Собственно кабинет занимал вторую комнату, довольно большую, уютную, обставленную старинной мебелью, с фотографиями на стенах и картиной Тверитинова, на которой Тати была изображена в цветастом простецком сарафане с глубоким вырезом, в летней шляпке набекрень, с облупившимся носом, веселая, пьяненькая, со стаканом вина в руке и папироской в зубах. Портрет этот странным образом замечательно гармонировал с солидной мебелью, придавая чинной гармонии кабинета чуть фамильярный и иронический оттенок. Тут еще были просторный письменный стол с множеством ящиков, глубокие кожаные кресла, удобная оттоманка, на которой Тати любила валяться с каким-нибудь романом, курить, стряхивая пепел в вазу на высокой ножке, несколько книжных шкафов и буфет с напитками в графинах: хозяйка не любила бутылок с наклейками. Из кабинета можно было попасть в спальню, гардеробную и ванную, пропахшие табаком и гиацинтом.

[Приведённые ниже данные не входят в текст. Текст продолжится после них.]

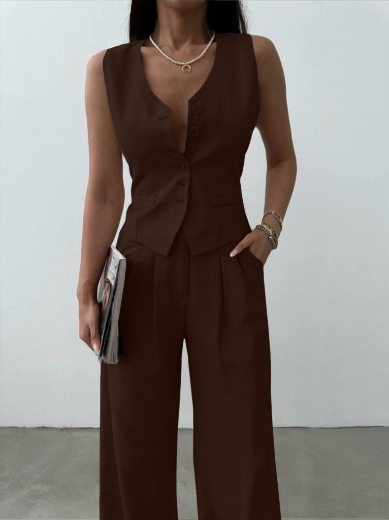 Костюм 2-ка: брюки средней посадки с карманами и жилет шоколад

Тати не держала фотографий на столе – они были развешаны по стенам: отец и мать в саду – оба в белом, оба в шляпах; отец в компании Сталина, Ворошилова и Тимошенко; сестра Ирина, погибшая в авиакатастрофе над Сибирью; Тарханов в Гурзуфе – в расстегнутой на груди рубахе, смеющийся; генерал дядя Саша с тросточкой, в цилиндре и смокинге, с сигарой в зубах; двадцатилетний Николаша с льняными локонами до плеч; групповая фотография, сделанная на террасе: у ног Тати, сидящей в плетеном кресле, улеглись датские доги, слева на скамеечке пристроились Миньон и Мизер, на узком диванчике справа – пышная София Августа Фредерика фон Анхальт-Цербстская, гладкая Дуняша и взъерошенная Дереза, а вокруг дети – Борис, Николаша, я, Нинон, надутый Лерик и какая-то тощая высокая девочка в очках, имени которой никто не помнил, все ее называли Александром Исаичем, потому что она гостила в доме на холме в те же дни, что и Солженицын… Его портрет с дарственной надписью висел в углу, рядом с иконой…
Тати встретила меня во всеоружии – она приняла горячий душ, надела шемаханский темно-лиловый халат, расшитый серебряными звездами, подкрасила губы. Взмахнув широкими рукавами, она села в кресло, вставила сигарету в мундштук, пыхнула дымом, взяла чашку с серебряного подноса, пригубила кофе, провела кончиком языка по губам, сказала: «Все будут врать», – и кивнула Нинон, которая ждала у двери. Еще раз кивнула, приглашая меня занять обычное место – кресло у столика, примыкавшего к большому письменному столу.
– Что Варя? – спросила она.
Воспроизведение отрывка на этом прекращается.